I’ve talked about failure modes before, but there was an incident last weekend that reminded me of them again. United 328, from leaving Denver for Honolulu, had a failure. A pretty catastrophic one. Most likely they lost a fan blade, which took out the rest of the engine. But as scary as it was for the folks on the plane and on the ground under it, no-one got hurt. That’s because a group of engineers thought about the safety case and the possible failure modes and planned for it.
And that meant that the aircraft had systems built in to minimize the impact and risk of rapid, unplanned, disassembly. Things like a containment system for the flying fan blades, automated fuel cutoff and fire extinguishers, and sufficient thrust from the other engine to keep making forward progress.
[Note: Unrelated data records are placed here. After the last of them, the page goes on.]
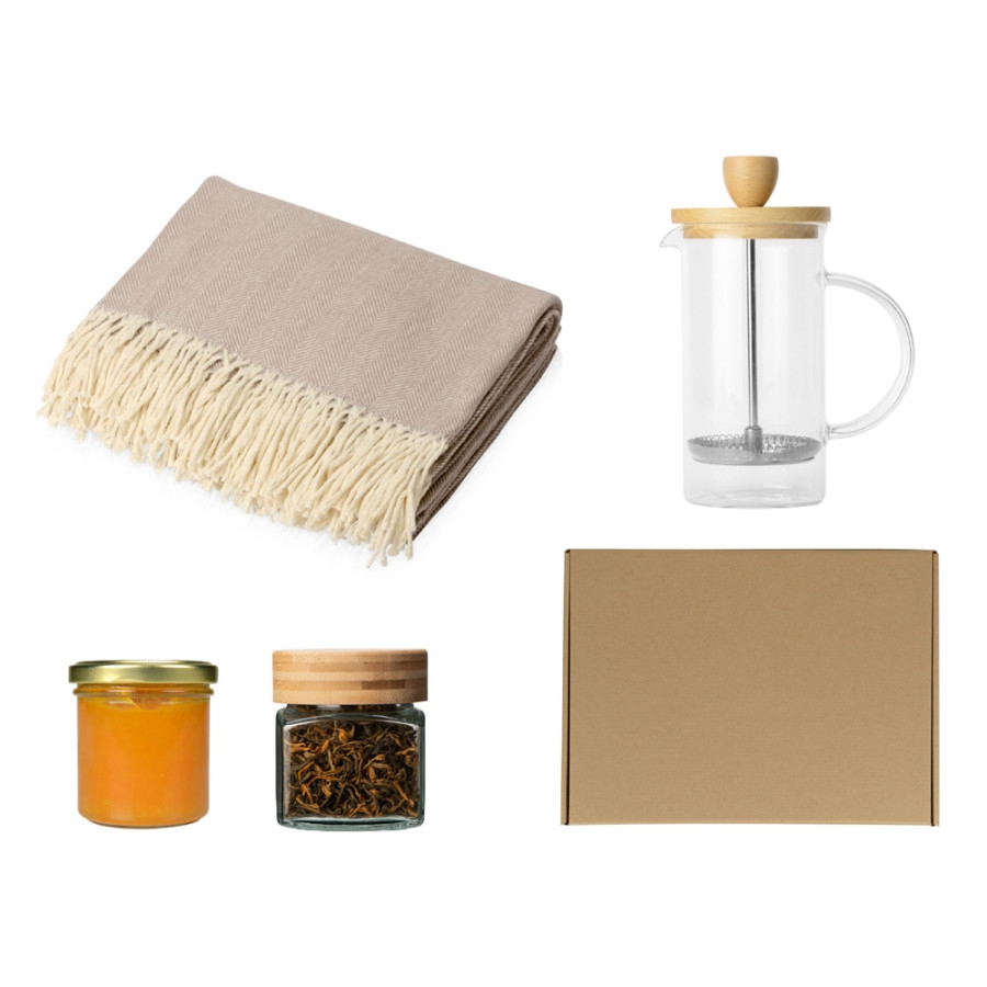 Подарочный набор с пледом, френчпрессом, чаем и вареньем, бежевый
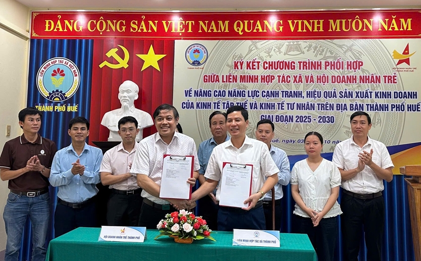 Phát biểu tại lễ ký kết, ông Nguyễn Văn Hùng, Phó Chủ tịch Phụ trách Liên minh Hợp tác xã thành phố Huế khẳng định: “Sự đồng hành của Hội Doanh nhân trẻ là nguồn động viên, khích lệ lớn để các hợp tác xã tự tin đổi mới phương thức quản lý, đẩy mạnh ứng dụng khoa học công nghệ, mở rộng liên kết sản xuất – tiêu thụ sản phẩm. Chúng tôi cam kết sẽ tạo môi trường thuận lợi, hỗ trợ tối đa để các mô hình kinh tế tập thể ngày càng khẳng định vai trò trong phát triển kinh tế - xã hội của thành phố”.
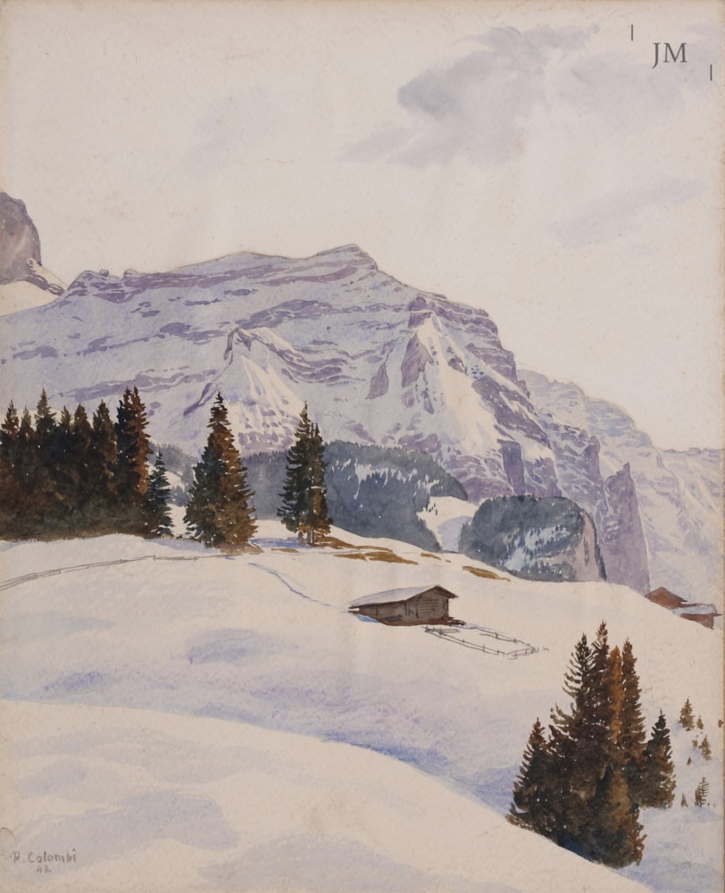 The patches of grass and the bare trees suggest a late winter or spring in this accomplished watercolour which relies on delicate washes of ultramarine violet to replicate the undulating meadows under snow. Colombi made this sketch from Mettlenalp just beyond Wengernalp where the Jungfrau descends into the steep Lauterbrunnen Valley and behind this flank of mountain emerge the famous Trummelbach Falls.
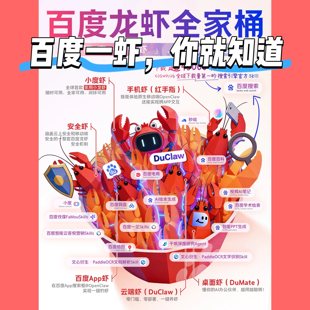 现在百度的龙虾全家桶也都齐活了,云端、手机、安全、桌面还有家用款都有,能覆盖不同场景的使用需求,要说还是大厂,这么快就龙虾配齐了!
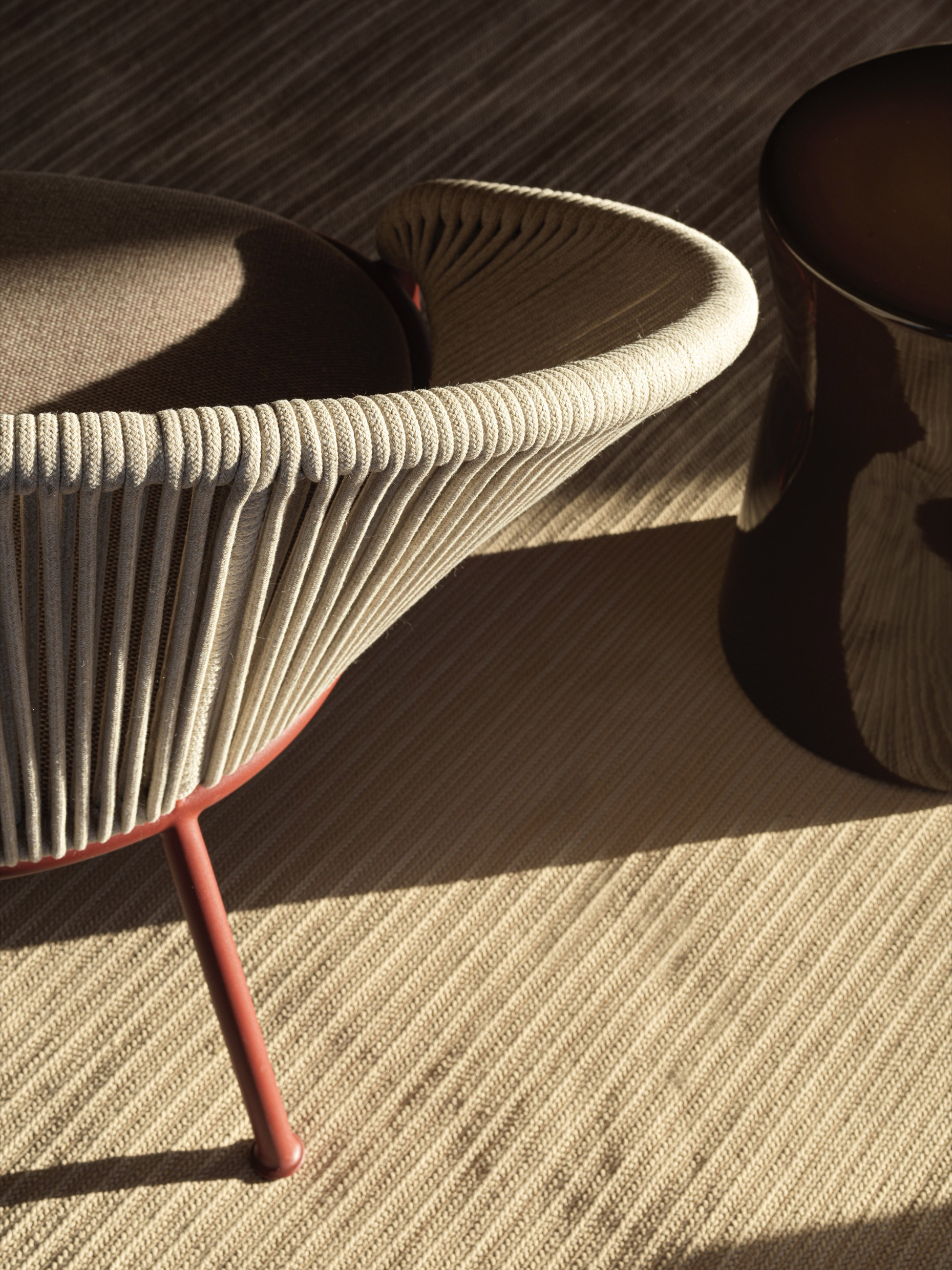 The interaction between the two collections is enhanced in a comfortable pouf, in two sizes, with a woven texture, to complete the accessories proposal of the Timeout Collection.
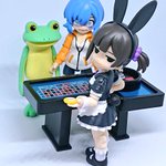 5/22 お題 「誰」 ひかる「ちょっとあれ誰!!!まさか私!?」 ゆき「猫耳メイドな先輩の人気が急上昇中ですから等身大フィギュア作ってみました。受注の数字もイイ感じです」 #夜のフィギュア撮影会 #アクアシューターズ
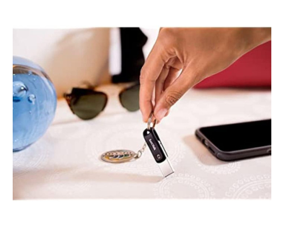 iXpand™ Flash Drive Go ima vrtljivo zasnovo, ki ščiti njegove konektorje, ko ga vržete v torbi ali žepu, luknja za obesek za ključe pa omogoča enostavno pritrditev na obesek za ključe. Zato je vedno priročen, če morate sprostiti prostor, ko ste zunaj.
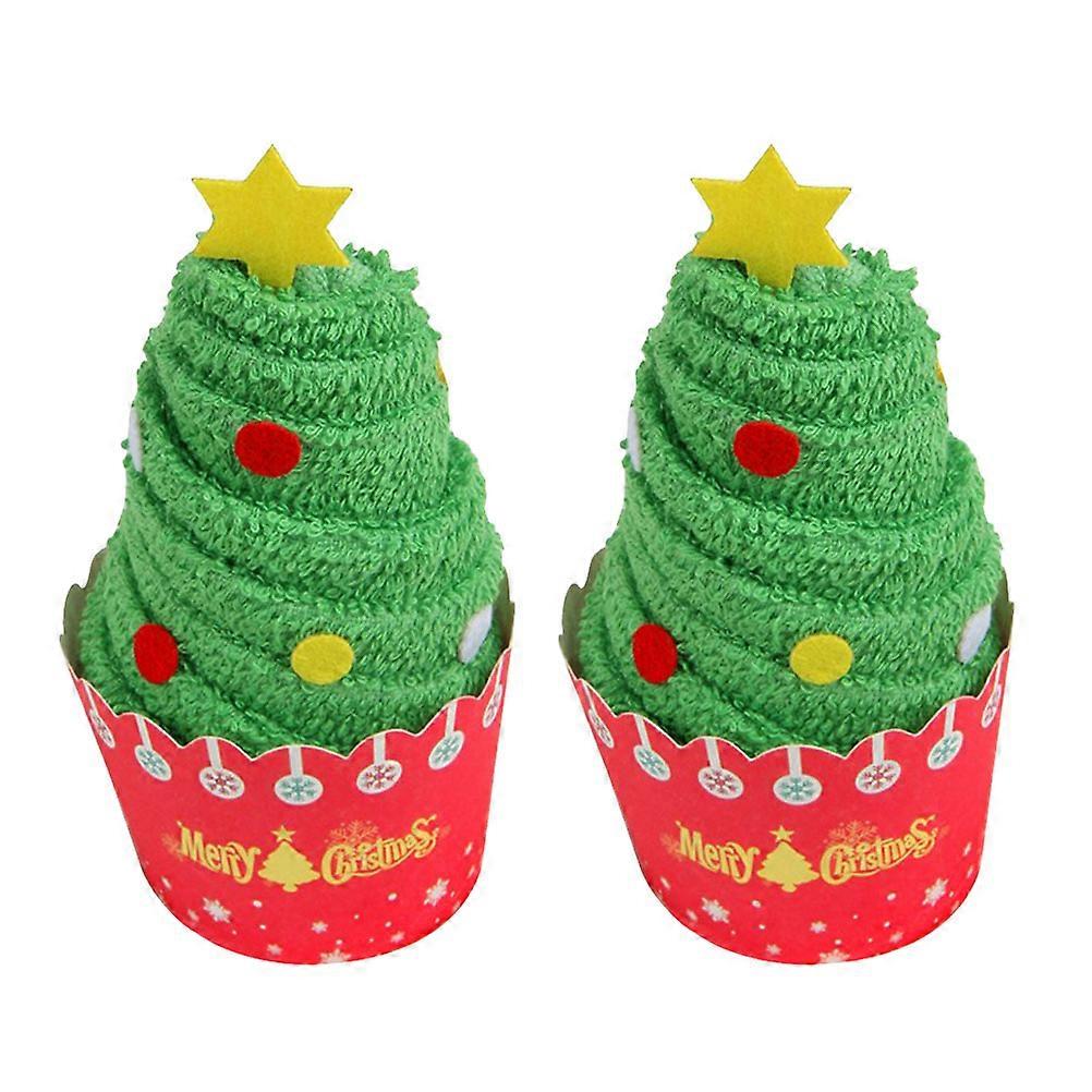 2PCS Christmas Towels Creative Cotton Bath Towel Cake Modelling Hand Towel Washcloth Xmas Gift (Christmas Tree)

Not just mechanical systems, but also operational systems like cockpit resource management systems, ATC procedures, and cabin crew plans. All of which worked together to get the plane safely back on the ground.
What makes this even more impressive is that all of those mechanical safety systems are heavy, and one thing you try to eliminate on planes is weight. Because every pound of an aircraft’s total weight is a pound of revenue generating stuff you can’t carry. That’s why the seats are so uncomfortable. And all those processes and training costs time and money, but they do them anyway. Because it’s just that important.
The same thing applies to software in general, not just robot software. What are the potential failure modes? What can you do to make sure you don’t make things worse? What do you need to do to ensure the best possible outcome when something goes wrong?
We can’t ensure 100% safety, but we need to do everything we can to minimize risk before something goes wrong and then do everything we can to get to the best result possible if it does.